Accidentally dropped my like new Penn 4500 SSg from waist high the other day while removing it from the rod. Hit square on the drag nob. Would not turn over so I opened it up today and saw that the main shaft is warped inside the guts. 

Paid $100 for it new and not looking to drop a lot of coin to get it going.

Who do you recommend in this area?


----------



## lastcast (Oct 12, 2007)

http://store.scottsbt.com/39N-4500-Shaft-Spool-Shaft-P823.aspx


----------



## Stoker1 (Feb 17, 2014)

Man, if I could fix it myself without destroying it, I would. The issue is the drag gears that the spool rides on is pressed in and I'm not wanting to go whacking on it.

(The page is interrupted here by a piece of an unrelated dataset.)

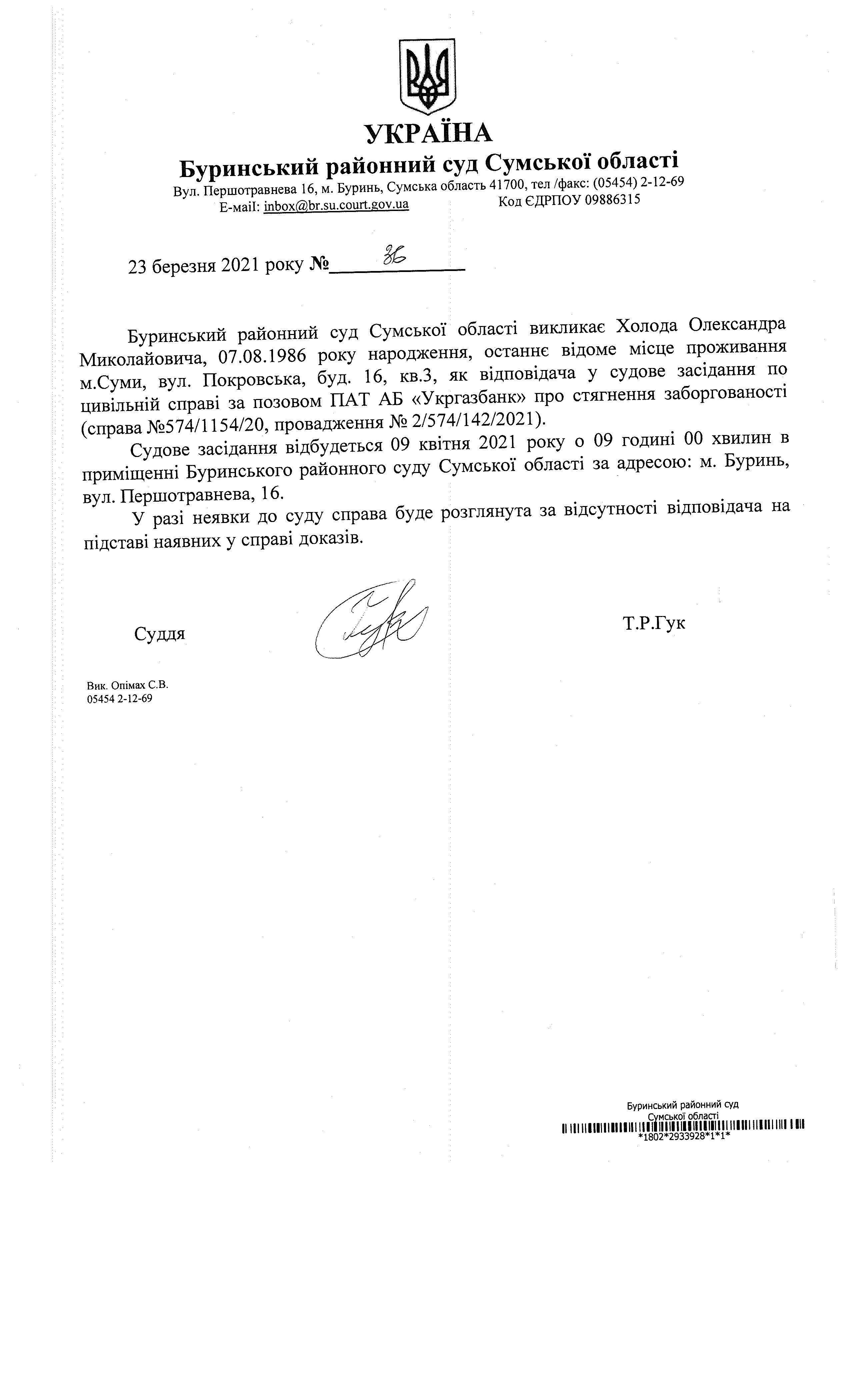 Буринський районний суд Сумської області викликає Холода Олександра Миколайовича

I pass through Lillian everyday if you're up to the task


----------



## lastcast (Oct 12, 2007)

Find a way to get it to Ocean Master or Pompano Joe. But really just take it apart, it is what it is.


----------



## Stoker1 (Feb 17, 2014)

I hear ya, but the parts are pressed in. I'd love to get it to one of those guys but the cost of shipping back and forth would eat the cost of the reel up.


----------



## Army_of_One (Jul 16, 2014)

Keith is near Pensacola Beach. Would gas be more? I don't trust many people with my gear, so I drive an hour each way just to go to Keith's. Take a 12 pack of Coke zero when you go. 


Stoker1 said:


> I hear ya, but the parts are pressed in. I'd love to get it to one of those guys but the cost of shipping back and forth would eat the cost of the reel up.


----------



## Chapman5011 (Mar 7, 2013)

Does a 12-pack of ice cold coke zero get it looked at faster ?


----------



## Stoker1 (Feb 17, 2014)

Chapman5011 said:


> Does a 12-pack of ice cold coke zero get it looked at faster ?


 I now right.

Chappy, how about I bring you a 12 pack of your favorite fizz and you show me how to get that booger fixed. (since you're in the area) :thumbup:


----------



## Pompano Joe (Jan 28, 2009)

I'll plan to be in Orange Beach for a few days next week if that helps. Call me if that works and I'll make sure I bring what's needed. Pompano Joe @ 850-516-2409.


----------



## Stoker1 (Feb 17, 2014)

Will do. Message on the way & thanks brother.


----------